Extracted records:

□ □ □ □ □ □ □

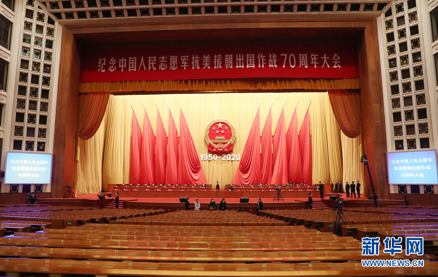 ??? 10月23日,紀念中國人民志愿軍抗美援朝出國作戰70周年大會在北京人民大會堂隆重舉行。圖為人民大會堂大禮堂。(新華網 翟子赫 攝)
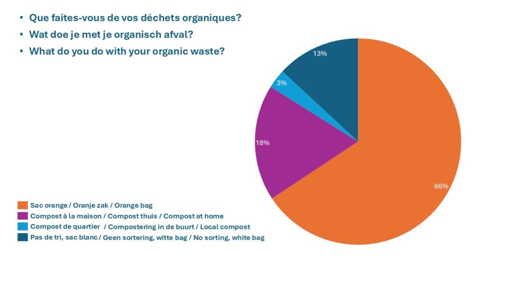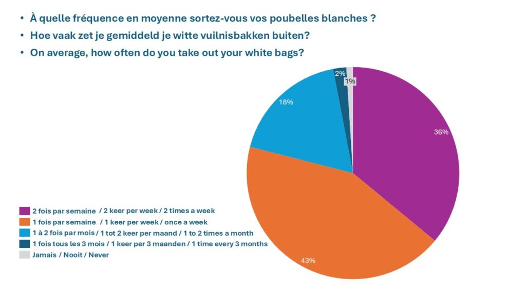 Comptant 18.864 habitants (IBSA[3]), notre quartier produit un volume énorme de sacs poubelles, d’autant que la majorité des gens sortent au moins un sac blanc par semaine (79% des répondants). Certains estiment que c’est « aux habitants de consommer raisonnablement et de produire moins de déchets », notamment avec « moins de livraisons à domicile ». Plus structurellement, il faudrait « interdire ou consigner le jetable » ou encore « soutenir des entreprises locales pour le recyclage de par exemple : pain, vêtements, livres, papier ».
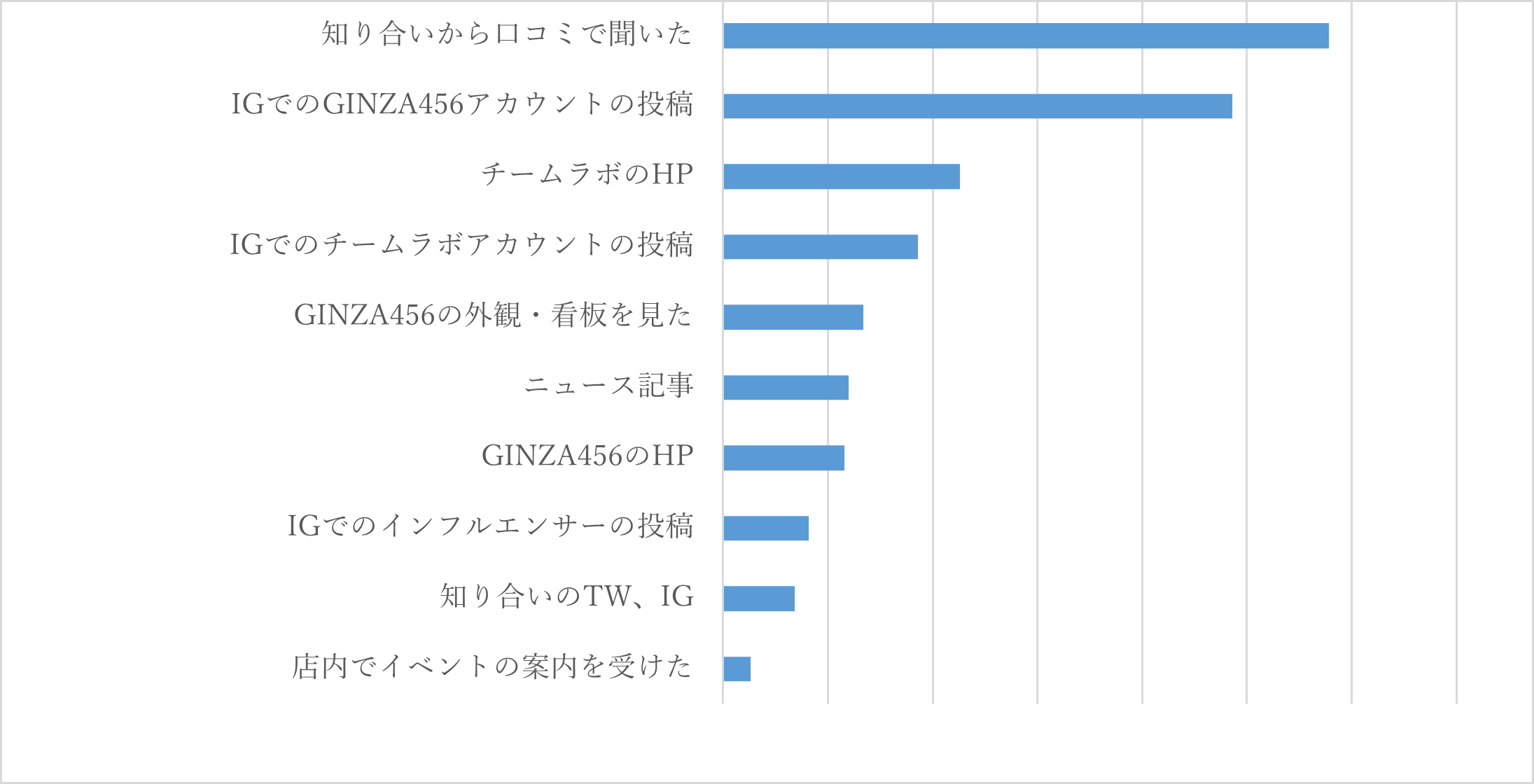 その結果、期間を通じた体験者の認知経路は「知り合いからの口コミ」「Instagramアカウント」が圧倒的に多い結果になり、体験いただいた方にもInstagramを始めとしたSNSやYouTubeでたくさん体験模様を投稿いただきました。(お客さまの体験投稿は #GINZA456 などで検索いただければご覧いただけます)
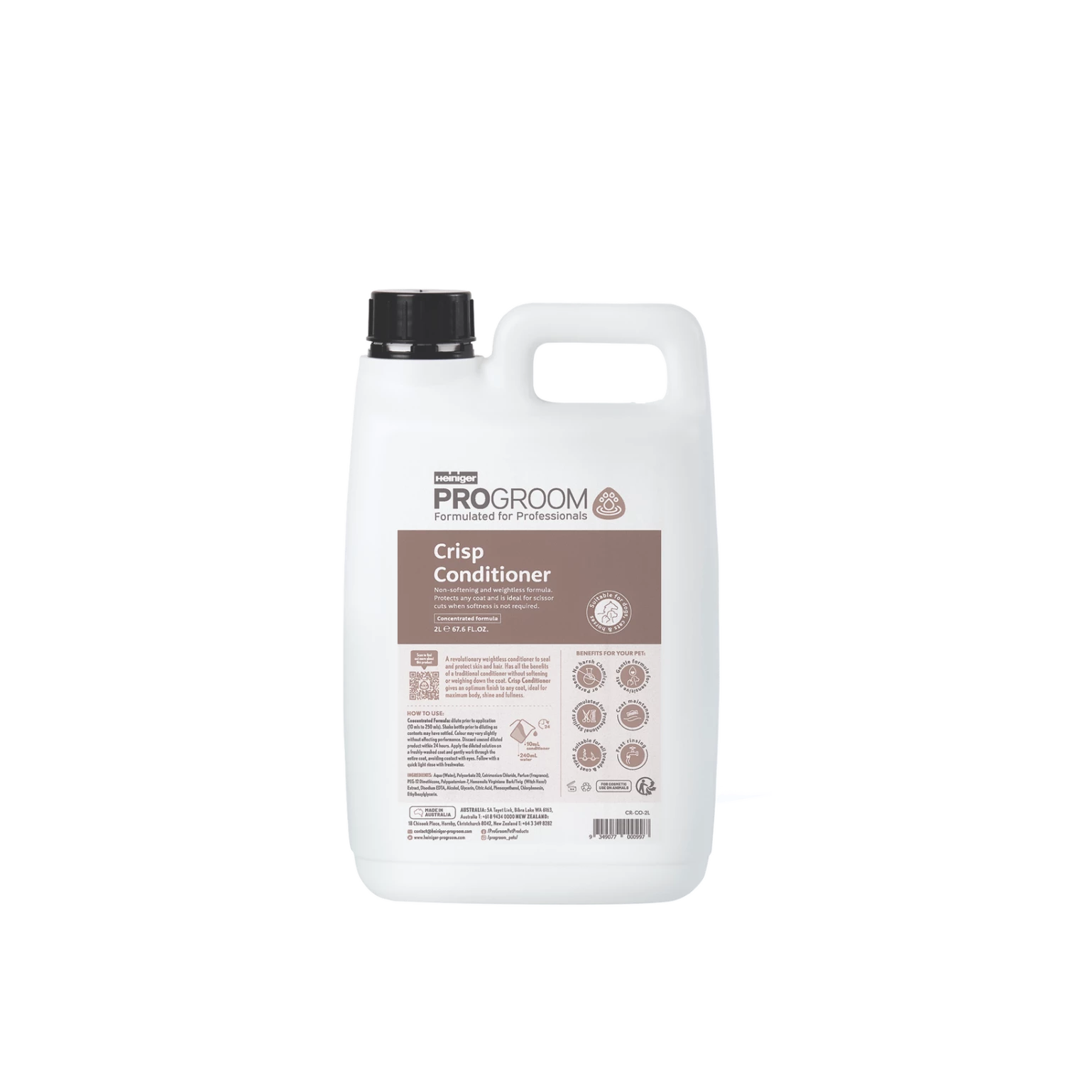 Crisp a unique NON- Softening Conditioner that gently acidifies and seals the cuticle layer and offers protection to skin and coats against damage caused from pet styling and other harsh elements. This new revolutionary conditioner leaves coats crisp and fluffy without the heaviness often caused by normal conditioners.
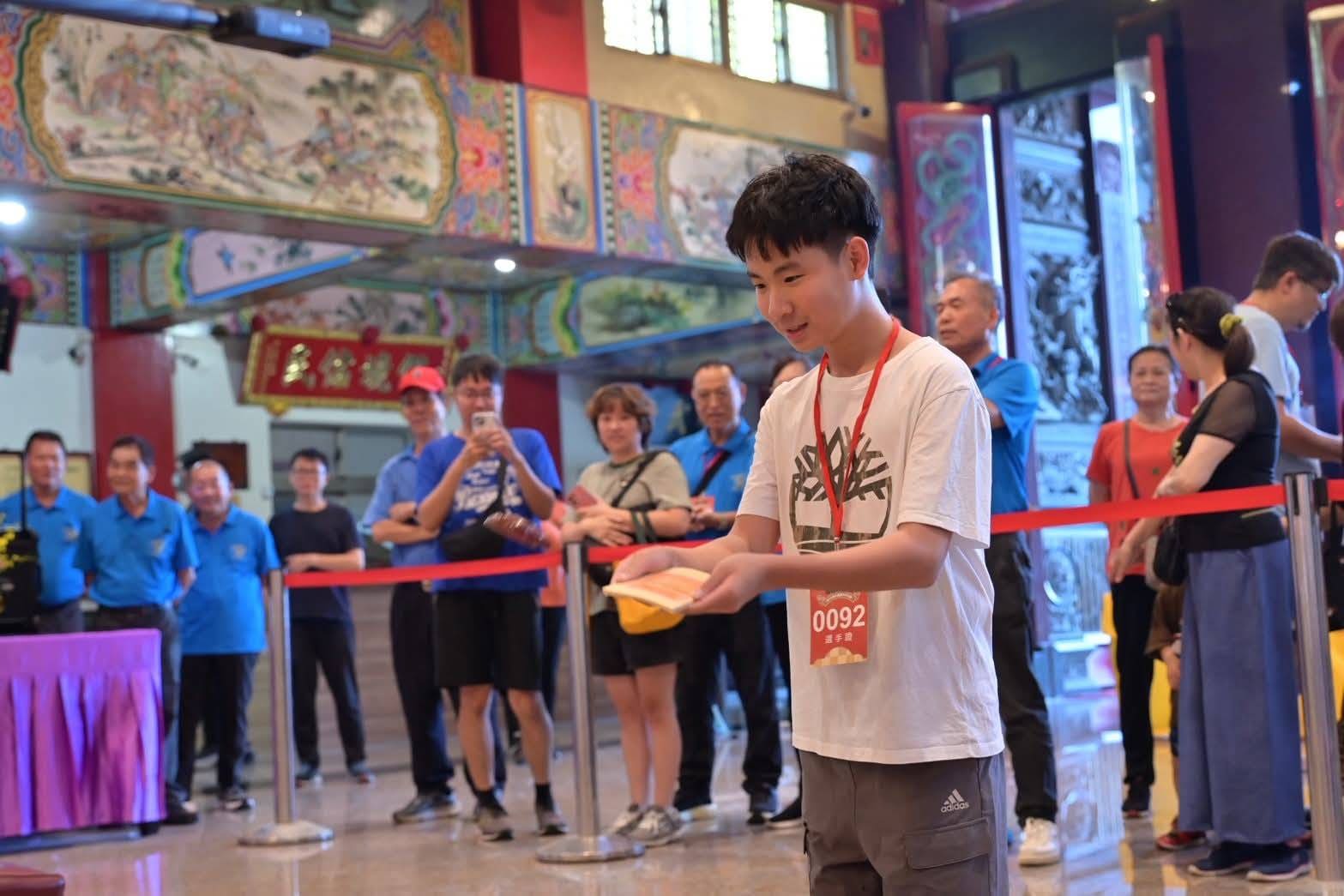 ▲擲筊送金牌吸引百民眾參與。
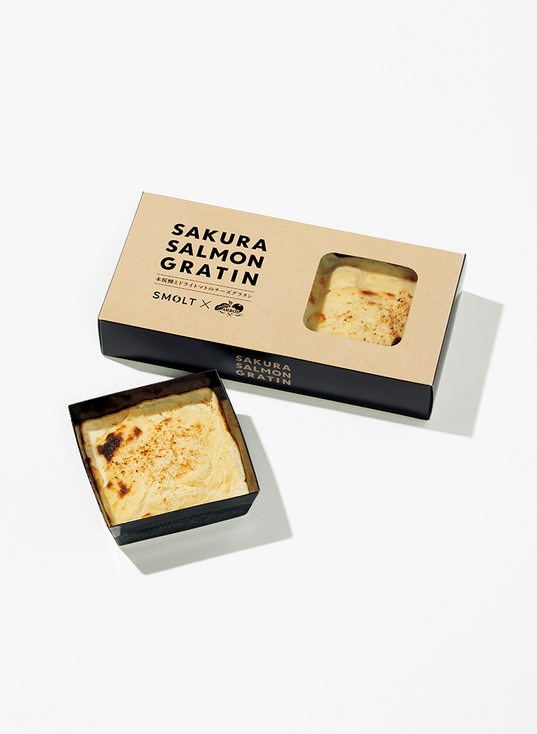 これまでにも牡蠣やバナメイエビ、イクラなどを素材に数々の品を手がけてきたが、新たな一品が「本桜鱒とドライトマトのチーズグラタン」。海上の生け簀で育てた養殖サクラマスを淡水の水槽に移して採卵し、ふ化した仔魚を再び養殖する「完全循環型」を採用した食材を元に、東京・神楽坂のイタリアン『アルボール』の古田崇シェフが腕を振るった。
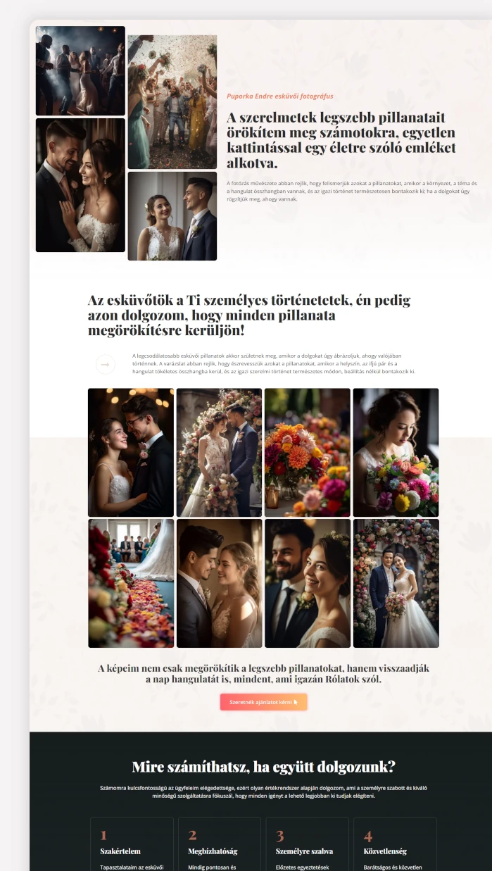 Egy fotós ügyfél kérésére célzott, kampányra optimalizált landing oldal készült, amely hatékonyan tereli a látogatókat az ajánlat megismerésétől egészen a kapcsolatfelvételig.
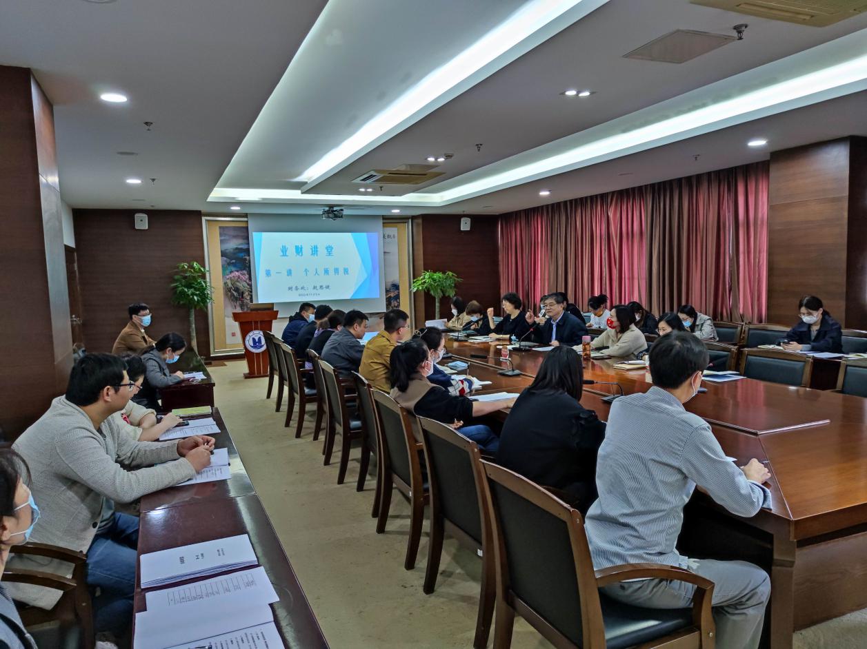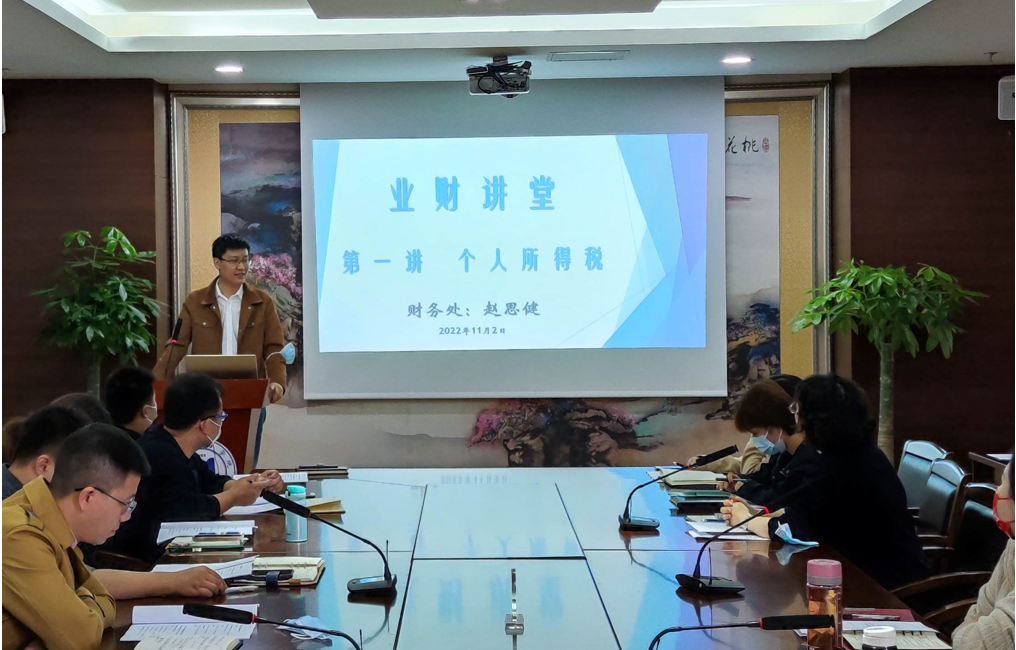 财务处赵思健作关于“个人所得税”的主题培训,分别从“哪些钱需要缴纳个税”“交税的依据”“怎么交税”三个点作切入,详细介绍了个人所得税构成内容、优惠政策和计税方法,并对社保构成等做了解释。交流互动环节,财务专员踊跃发言,对个税计税中的有关疑问进行了深入的交流和讨论。(通讯员 赵思健)
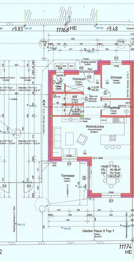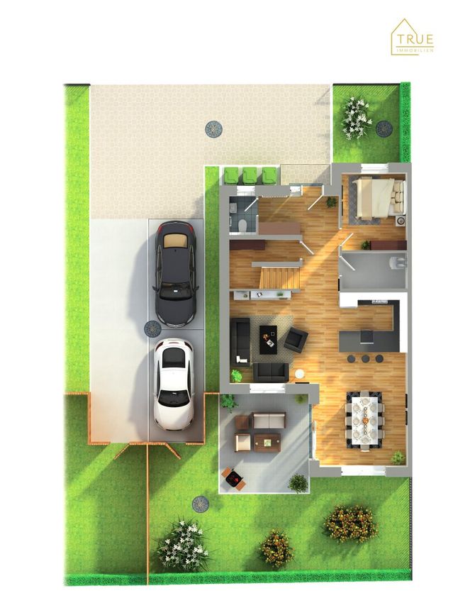 Bereits vom Flur aus öffnet sich der Blick in den hellen und einladenden Wohn-Essbereich – hier ist Wohlfühlen garantiert. Durch die großzügige Hebeschiebetür gelangt man auf die rund 18 m² große Terrasse und weiter in den schönen Gartenbereich. Ein Gartentor führt direkt zu den zwei zugeordneten Stellplätzen, die das Angebot abrunden.
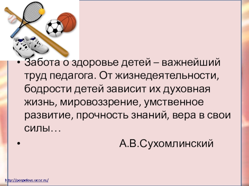 Слайд 17Забота о здоровье детей – важнейший труд педагога. От жизнедеятельности, бодрости
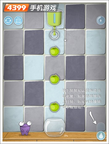 第1关:上下滑动储水箱的出水口会有水流出,或是向上滑动右下角的水滴图标,让水流通过三个苹果收集苹果,在流到鱼缸中,鱼缸里水量为百分百时,游戏过关。
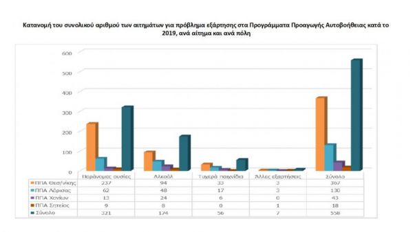 Στα Προγράμματα Προαγωγής Αυτοβοήθειας προσήλθαν για πρώτη φορά 291 διαφορετικά άτομα -αριθμός παρόμοιος με το 2018, οπότε και προσήλθαν 310 διαφορετικά άτομα. Από αυτά τα άτομα τα 147 είχαν πρόβλημα με τη χρήση παράνομων ψυχοτρόπων ουσιών, τα 98 με το αλκοόλ, τα 40 με τα τυχερά παιχνίδια και 6 με άλλες εξαρτητικές συμπεριφορές, π.χ. φαγητό, νομίμως συνταγογραφούμενες ουσίες.

□ □ □ □ □ □ □

-- WHAT IS REQUIRED --
From the records above, quote word for word only the lines beginning at the line that has "これまでにも牡蠣やバナメイエ" and stopping after the line that has "第1关:上下滑动储水箱的出水". Omit the pictures.

-- SOLUTION TO THIS TASK --
 これまでにも牡蠣やバナメイエビ、イクラなどを素材に数々の品を手がけてきたが、新たな一品が「本桜鱒とドライトマトのチーズグラタン」。海上の生け簀で育てた養殖サクラマスを淡水の水槽に移して採卵し、ふ化した仔魚を再び養殖する「完全循環型」を採用した食材を元に、東京・神楽坂のイタリアン『アルボール』の古田崇シェフが腕を振るった。
 Egy fotós ügyfél kérésére célzott, kampányra optimalizált landing oldal készült, amely hatékonyan tereli a látogatókat az ajánlat megismerésétől egészen a kapcsolatfelvételig.
 财务处赵思健作关于“个人所得税”的主题培训,分别从“哪些钱需要缴纳个税”“交税的依据”“怎么交税”三个点作切入,详细介绍了个人所得税构成内容、优惠政策和计税方法,并对社保构成等做了解释。交流互动环节,财务专员踊跃发言,对个税计税中的有关疑问进行了深入的交流和讨论。(通讯员 赵思健)
 Bereits vom Flur aus öffnet sich der Blick in den hellen und einladenden Wohn-Essbereich – hier ist Wohlfühlen garantiert. Durch die großzügige Hebeschiebetür gelangt man auf die rund 18 m² große Terrasse und weiter in den schönen Gartenbereich. Ein Gartentor führt direkt zu den zwei zugeordneten Stellplätzen, die das Angebot abrunden.
 Слайд 17Забота о здоровье детей – важнейший труд педагога. От жизнедеятельности, бодрости
 第1关:上下滑动储水箱的出水口会有水流出,或是向上滑动右下角的水滴图标,让水流通过三个苹果收集苹果,在流到鱼缸中,鱼缸里水量为百分百时,游戏过关。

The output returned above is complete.